I will assume that you know how to locate a perl module file from the module name (e.g. EPrints::Apache::Rewrite
will probably be ~/perl_lib/EPrints/Apache/Rewrite.pm
, although this is not always the case!).
Contents
Flow of a request
Below are relevant parts of config files and perl modules that are used with when processing a request.
The request will generally be dealt with by the EPrints::Apache::Rewrite
module, and farmed out from there.
How the request reaches this module is also explained below.

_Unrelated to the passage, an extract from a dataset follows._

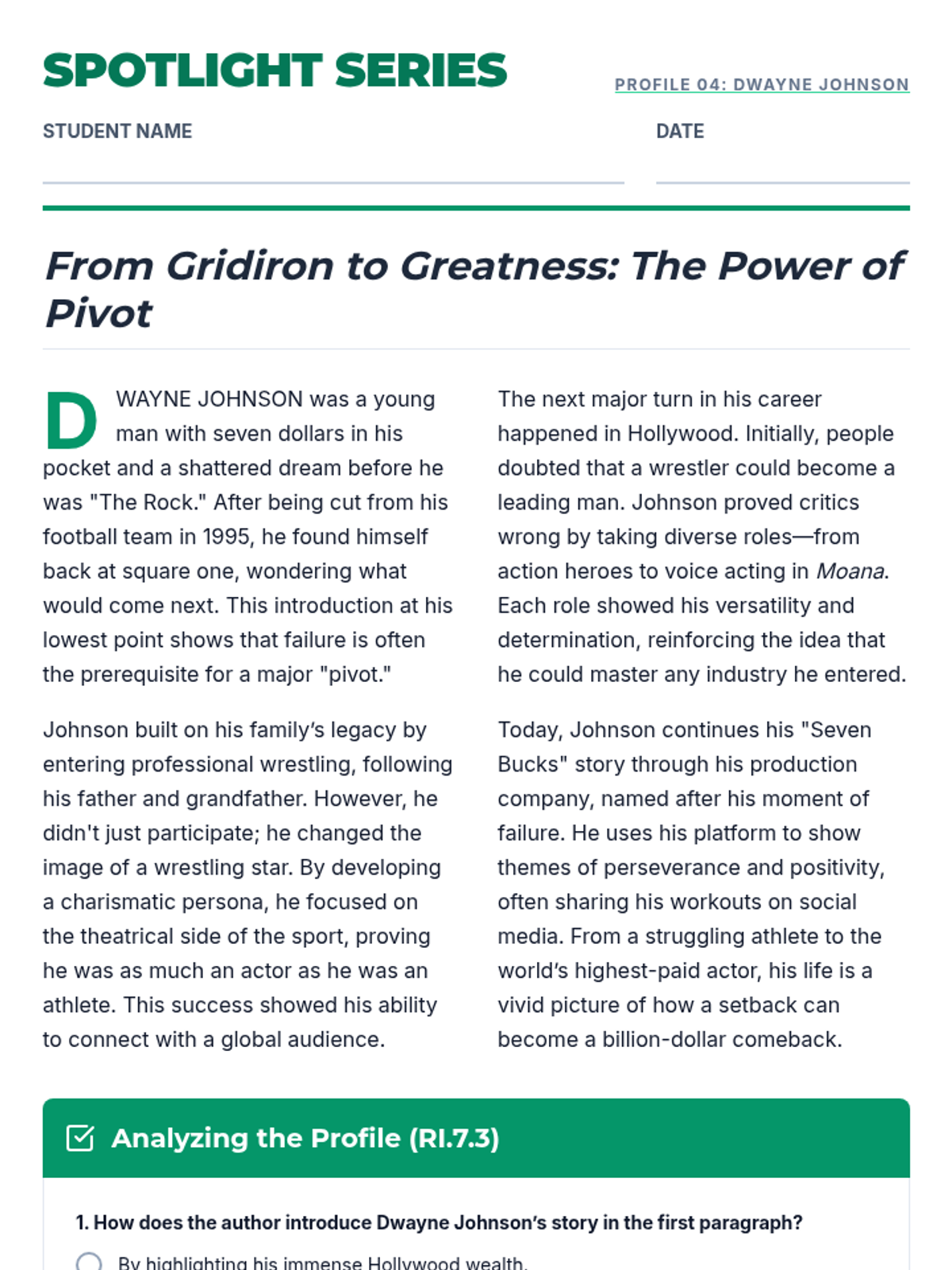 A biography of Dwayne Johnson with 10 questions focused on RI.7.3, 7.L.4, and 7.L.5. Optimized for 3 pages. Varying vocabulary to avoid repetition.

Apache core config ~/cfg/apache.conf
PerlSwitches -I/home/eprints/eprints-3.3.12/perl_lib
PerlModule EPrints
PerlPostConfigHandler +EPrints::post_config_handler
The post_config_handler does some sanity checks on the EPrints setup (e.g. is Apache listening to the ports that the repositories are configured to work under) See: http://perl.apache.org/docs/2.0/user/handlers/server.html#C_PerlPostConfigHandler_ for more info about the post_config_handler
Apache repository config ~/cfg/apache/ARCHIVEID.conf
<VirtualHost *:80>
...
PerlTransHandler +EPrints::Apache::Rewrite
</VirtualHost>
This leads us to the backbone of EPrints - the Rewrite module - where URL_REWRITE_* triggers are called; content negotiation can happen, as well as many other wonderous things!
EPrints::Apache::Rewrite
module
This explanation, and line numbers are taken from a specific version of the file: https://github.com/eprints/eprints/blob/88a36fcf1f17c7a04e60455d374b617709f7461d/perl_lib/EPrints/Apache/Rewrite.pm Obviously this file will change over time, so it's worth comparing it with the version you are using, and possibly other versions on GitHub e.g. https://github.com/eprints/eprints/blob/3.3/perl_lib/EPrints/Apache/Rewrite.pm
It's worth taking a few minutes to look at this file - specifically the sub handler
.
EP_TRIGGER_URL_REWRITE
Line 123 calls the 'EP_TRIGGER_URL_REWRITE' trigger:
$repository->run_trigger( EPrints::Const::EP_TRIGGER_URL_REWRITE,
request => $r,
lang => $lang, # en
args => $args, # "" or "?foo=bar"
urlpath => $urlpath, # "" or "/subdir"
cgipath => $cgipath, # /cgi or /subdir/cgi
uri => $uri, # /foo/bar
secure => $secure, # boolean
return_code => \$rc, # set to trigger a return
);
If any of the EP_TRIGGER_URL_REWRITE's return a return_code, this is returned. Information on triggers
CGI scripts
Line 157 deals with CGI scripts - redirecting to HTTPS if necessary. It looks for the CGI scripts in three locations Lines 195-199:
~/archives/ARCHIVEID/cgi/
~/site_lib/cgi/
~/cgi/
If the cgi script is a 'user' script, it also defines a PerlAccessHandler
Lines 214-220
if( $uri =~ m! ^/users\b !x )
{
$r->push_handlers(PerlAccessHandler => [
\&EPrints::Apache::Auth::authen,
\&EPrints::Apache::Auth::authz
] );
}
SWORD servicedocument
Lines 233-258 deal with the 'Sword' service document, via the CRUD interface.
REST interface
Lines 281-290 handle the REST interface, via EPrints::Apache::REST
EPrints URIs
Lines 292-374: EPrint URIs are normally of the form http://repository.blah/id/...
. There are three main if
blocks in this section that use regex's to match the URI:
- Line 293
$uri =~ m! ^$urlpath/id/(repository|dump)$ !x
matches two cases. - Line 318
$uri =~ m! ^$urlpath/id/([^\/]+)/(ext-.*)$ !x
matches ??? Some RDF type stuff!? 'event/ext-foo'..? - Lines 345-347 (shown on one line here)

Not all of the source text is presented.